The Peruvian Armed Forces include the Peruvian Army (EP), the Peruvian Air Force (FAP), and the Peruvian Navy, as well as a Joint Command of the Armed Forces of Peru, all housed under the Ministry of Defense of Peru. About 140,000 personnel serve in the Peruvian Armed Forces.
"The Peruvian military wants to create an environment where soldiers, airmen and sailors want to come into work every day and are given the tools to strengthen their skills and leadership potential," said Tecnico Supervisor Mayor FAP Orlando Saavedra Vasquez, chief master sergeant of the FAP. "Each day we want them to learn their career job as well as understand where they fit in the military and why they are essential."
WVARNG Command Sgt. Maj. James "Dusty" Jones helped lead the professional development seminars that often broke into conversations about the roles, responsibilities and relationship parallels of NCOs in both U.S. and Peruvian militaries. Of particular emphasis was developing interpersonal leadership skills such as leader development, Be-Know-Do, listening and understanding (mentorship), and treating fellow NCOs and younger personnel as professionals and human beings.
"It is an honor and a privilege to be part of the education and growth of such a professional Army corps," said Command Sgt. Maj. Jason C. Smith. "The Peruvian Army is performing organizational change and moving into modernization and equality for all of its soldiers."
The team of NCOs from West Virginia presented various topics focused on their roles and experiences in the U.S. Army and how to bridge the gap in the development of leadership skills at the junior enlisted ranks.

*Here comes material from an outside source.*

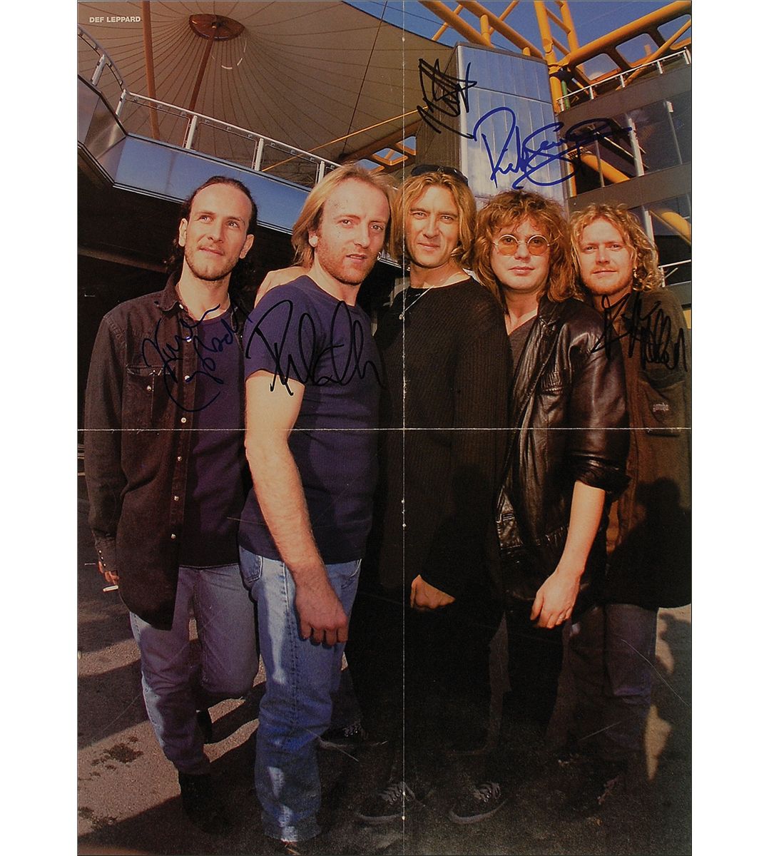 Color 14.75 x 20.75 insert poster of the band, signed in black and blue felt tip by Phil Collen, Joe Elliott, Rick Savage, Rick Allen, and Vivian Campbell. In fine condition, with central horizontal and vertical folds, and four sets of staple holes to the vertical fold.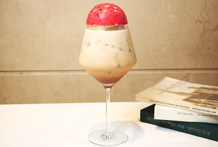 自家製マサラチャイシロップと北海道ミルクを使用したボリューム感のあるアイスチャイフロート。グラスにもこだわり豊満さを強調しました。バニラビーンズアイスの上には半球ドームのチョコをのせて、ボテロの作品《コロンビアの聖母》に描かれた王冠をイメージ。味も見た目も楽しめる一品です。

"As part of the partnership to build and strengthen the PERAR NCO corps, the WVNG NCOs are sharing best practices, as well as their own stories and experiences," said U.S. Army Sgt. 1st Class Hector Guillén, WVNG SPP-Peru coordinator. "Our goal is for these young NCOs to be able to use this [information] and work together as a team to change the culture of the NCO corps in the Peruvian Armed Forces. Every soldier has a sergeant and every individual soldier deserves a leader who is a capable mentor, is trustworthy, genuinely concerned for their welfare and health, and molds them to be the leaders of tomorrow. We want to show that to have a strong NCO corps, leaders need to be encouraging, uplifting and professional."
Maj. Gen. Orestes M. Vargas Ortiz, Peruvian education & doctrine command commander, opened the seminar and Maj. Gen. Javier Cam Albujar, Peruvian TRADOC commander closed the training on behalf of their commanding general, Gen. Jorge Celiz Kuong.
West Virginia and Peru will continue to build on the success of the NCOPD, which was established in 2016.
West Virginia and the Republic of Peru have been partners through the State Partnership Program since 1996. The two have participated in more than 130 engagements focusing on regional challenges facing the Andean region, especially in the areas of counterinsurgency, terrorism, emergency preparedness, and disaster response and recovery.